Write out the entries below exactly, but only from the line containing "해당 게시물에는 일본으로" through the line containing "Edytor tapety: Irbis", and without the pictures.
***** Data provided *****
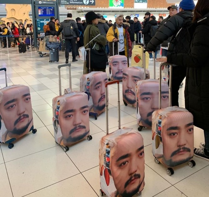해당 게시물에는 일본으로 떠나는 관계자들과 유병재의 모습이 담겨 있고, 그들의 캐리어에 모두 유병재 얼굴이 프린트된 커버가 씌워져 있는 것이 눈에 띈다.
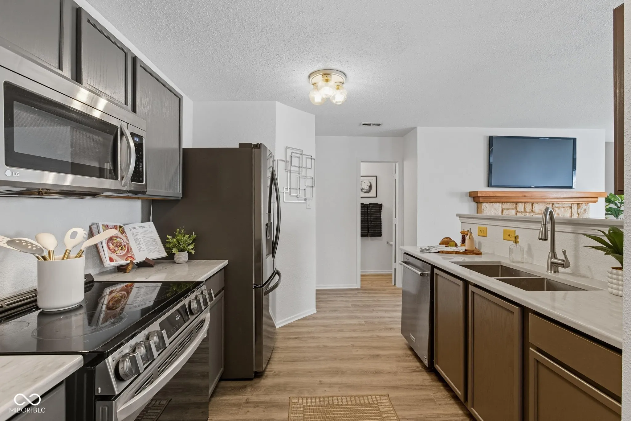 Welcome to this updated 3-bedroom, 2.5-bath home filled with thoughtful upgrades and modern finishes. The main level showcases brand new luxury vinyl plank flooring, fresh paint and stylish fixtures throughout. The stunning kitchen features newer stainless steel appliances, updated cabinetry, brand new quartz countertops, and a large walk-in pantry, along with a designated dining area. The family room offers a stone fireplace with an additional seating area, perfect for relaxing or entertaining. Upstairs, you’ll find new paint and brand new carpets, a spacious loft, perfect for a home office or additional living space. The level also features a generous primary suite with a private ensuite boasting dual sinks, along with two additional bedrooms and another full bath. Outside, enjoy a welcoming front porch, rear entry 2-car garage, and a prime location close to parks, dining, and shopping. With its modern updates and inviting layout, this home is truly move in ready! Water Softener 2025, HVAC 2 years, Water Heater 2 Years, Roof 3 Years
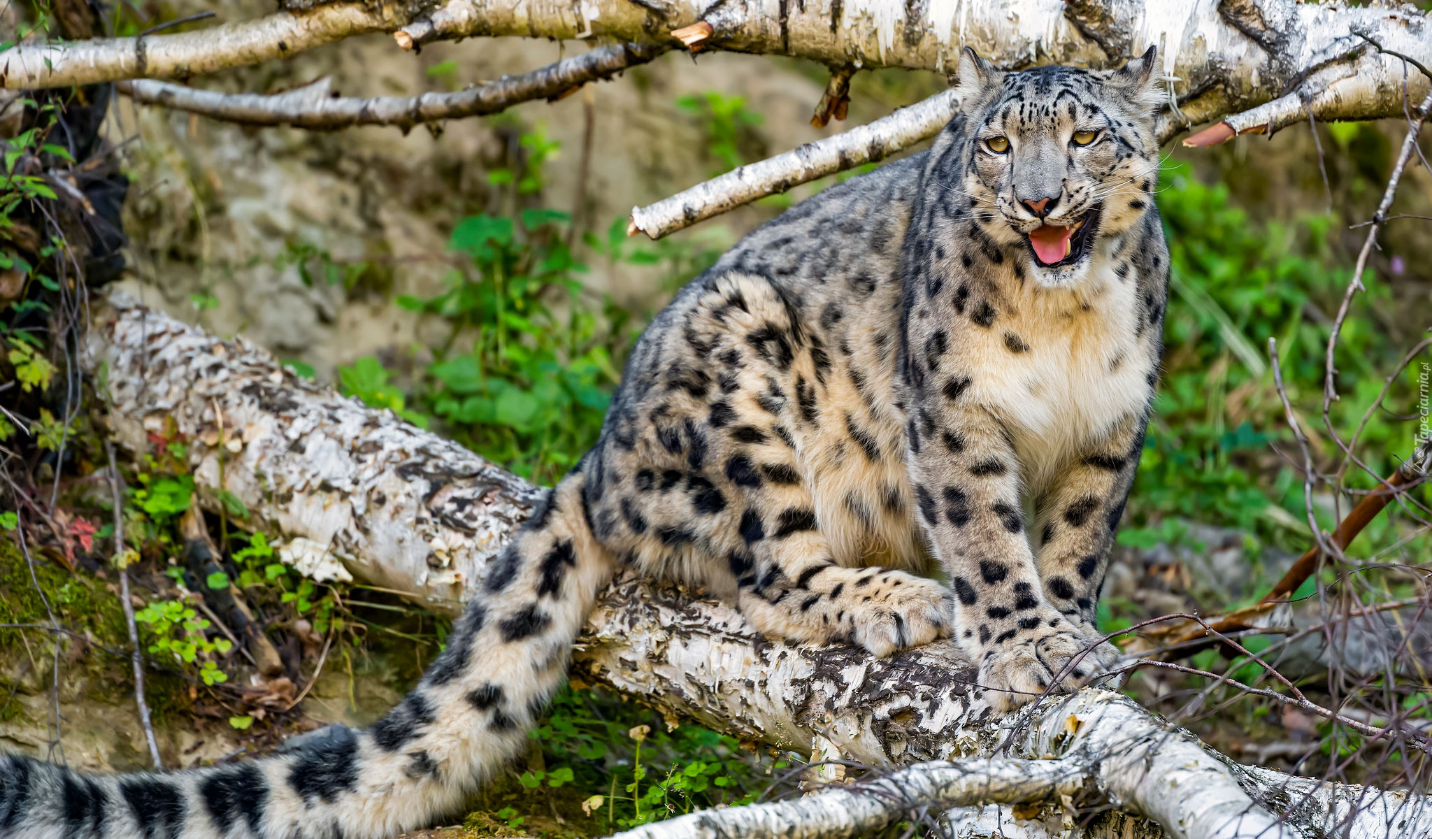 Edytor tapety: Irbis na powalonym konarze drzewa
*****
***** Data provided *****
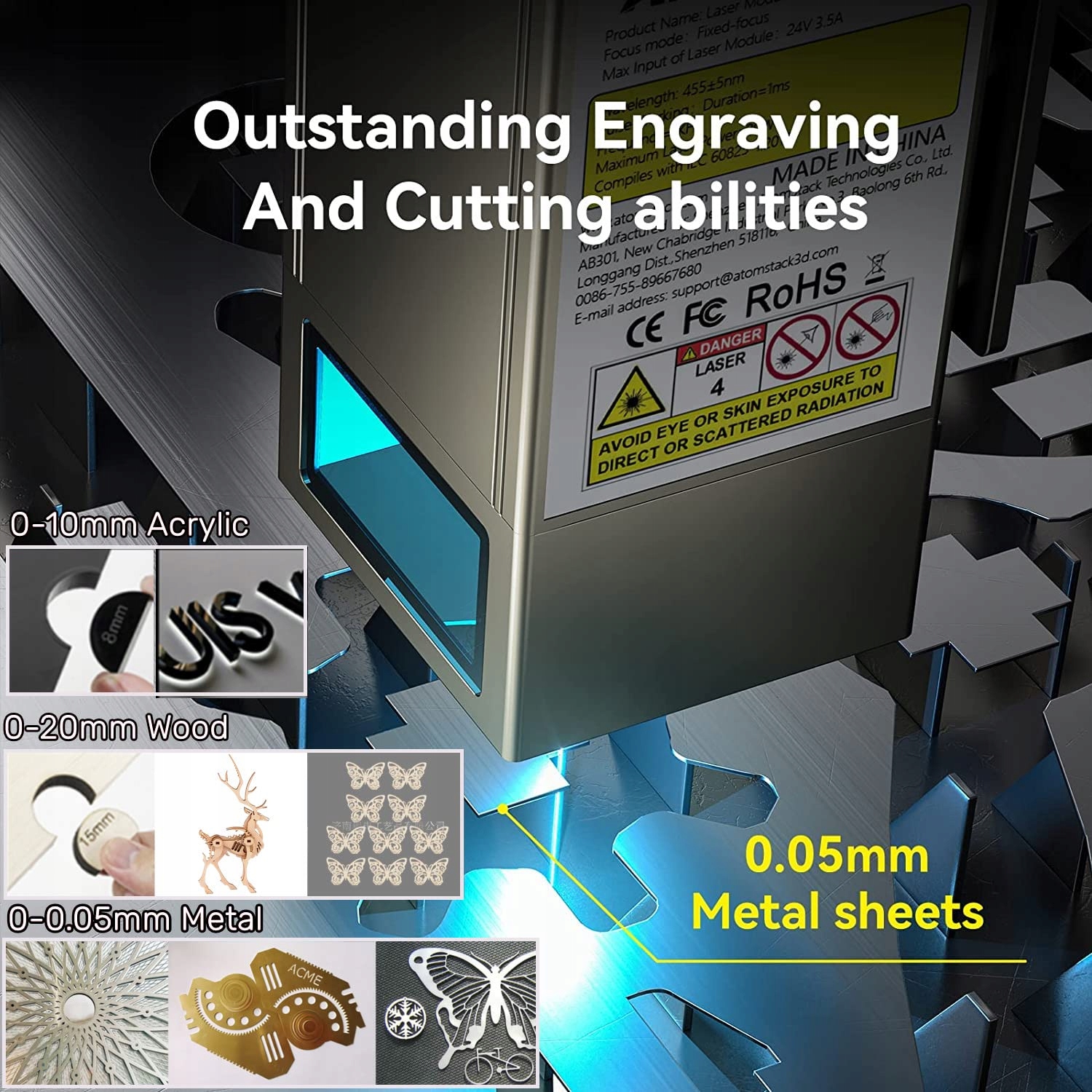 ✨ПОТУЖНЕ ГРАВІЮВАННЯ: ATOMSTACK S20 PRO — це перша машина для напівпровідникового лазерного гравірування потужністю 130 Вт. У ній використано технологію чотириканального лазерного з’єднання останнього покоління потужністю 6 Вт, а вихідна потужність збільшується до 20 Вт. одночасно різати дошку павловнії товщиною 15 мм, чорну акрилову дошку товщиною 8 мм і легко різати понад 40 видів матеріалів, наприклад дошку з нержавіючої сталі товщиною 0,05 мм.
*****
**Result below:**
해당 게시물에는 일본으로 떠나는 관계자들과 유병재의 모습이 담겨 있고, 그들의 캐리어에 모두 유병재 얼굴이 프린트된 커버가 씌워져 있는 것이 눈에 띈다.
 Welcome to this updated 3-bedroom, 2.5-bath home filled with thoughtful upgrades and modern finishes. The main level showcases brand new luxury vinyl plank flooring, fresh paint and stylish fixtures throughout. The stunning kitchen features newer stainless steel appliances, updated cabinetry, brand new quartz countertops, and a large walk-in pantry, along with a designated dining area. The family room offers a stone fireplace with an additional seating area, perfect for relaxing or entertaining. Upstairs, you’ll find new paint and brand new carpets, a spacious loft, perfect for a home office or additional living space. The level also features a generous primary suite with a private ensuite boasting dual sinks, along with two additional bedrooms and another full bath. Outside, enjoy a welcoming front porch, rear entry 2-car garage, and a prime location close to parks, dining, and shopping. With its modern updates and inviting layout, this home is truly move in ready! Water Softener 2025, HVAC 2 years, Water Heater 2 Years, Roof 3 Years
 Edytor tapety: Irbis na powalonym konarze drzewa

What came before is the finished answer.